= Edward Wright (artist) =

English artist (1912–1988)

Edward Wright (16 July 1912 – 16 October 1988) was an English painter, typographer and graphic designer.

==Life and creative work==
He was born on 16 July 1912, in Liverpool, in the family of Ecuadorian vice-consul (his mother was Chilean). He trained and worked a short period of time as an architect before being engaged in painting, drawing, print-making, and so called "commercial art". Beginning from 1942 he lived in London and worked in book publishing and advertising, and teaching graphic design at the Central School and at Chelsea School of Art. He refused to separate art from design. "Among his exceptional work is the lettering that he made for modern buildings, often managing both a specific design and an alphabet that could be applied more generally".

In the early 1950s, he was a member of the Independent Group, and taught at the Central School of Art with Anthony Froshaug, Nigel Henderson and Eduardo Paolozzi. He designed the catalogue for the exhibition This Is Tomorrow at the Whitechapel Gallery in 1956. In the late 1950s, he worked at Rathbone Books, essentially a book packaging firm, which had grown out of the wartime venture of Adprint.

Wright later taught at the London College of Printing, Cambridge University School of Architecture and the Royal College of Art. His architectural lettering work included the foundation stone for Churchill College, Cambridge (1961), and the Flaxman lettering and numbering system for New Scotland Yard's rotating sign (1968), Wright's original concept for which was that its "revolving triangular shape and reflective steel lettering was symbolic of the Met's constant vigilance in guarding our safety".
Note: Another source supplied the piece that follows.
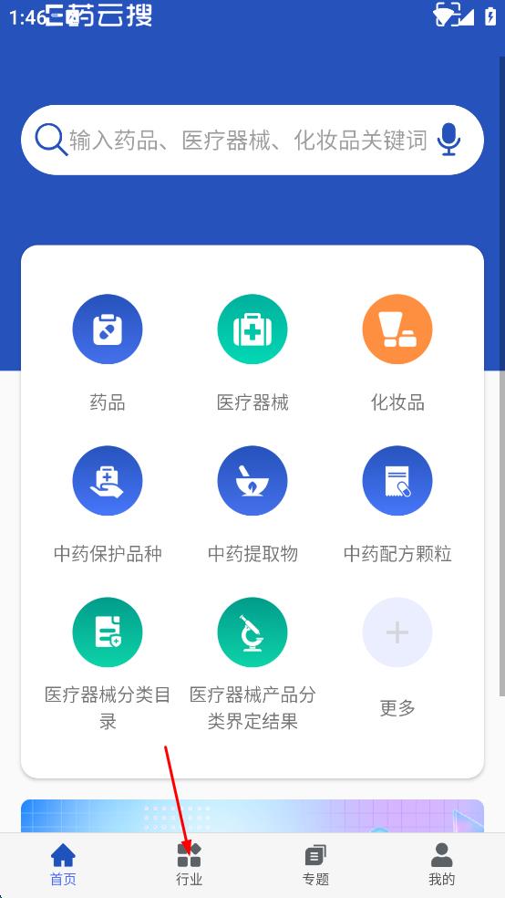 1、打開E藥云搜軟件,點擊底部行業(yè),進入行業(yè)頁面。

In 1963, Wright was a signatory of Ken Garland's First Things First manifesto. Edwin Taylor – friend and "companion of the road" told about Wright:

Edward was not the sort of typographer who regarded individual letter forms as a precious jewels to be polished and placed in a tiara. To Edward, each letter was a living form to be explored and shaped to suit a particular need or belief, in the same way an African carver would search out the core spirit and life-force in a piece of wood.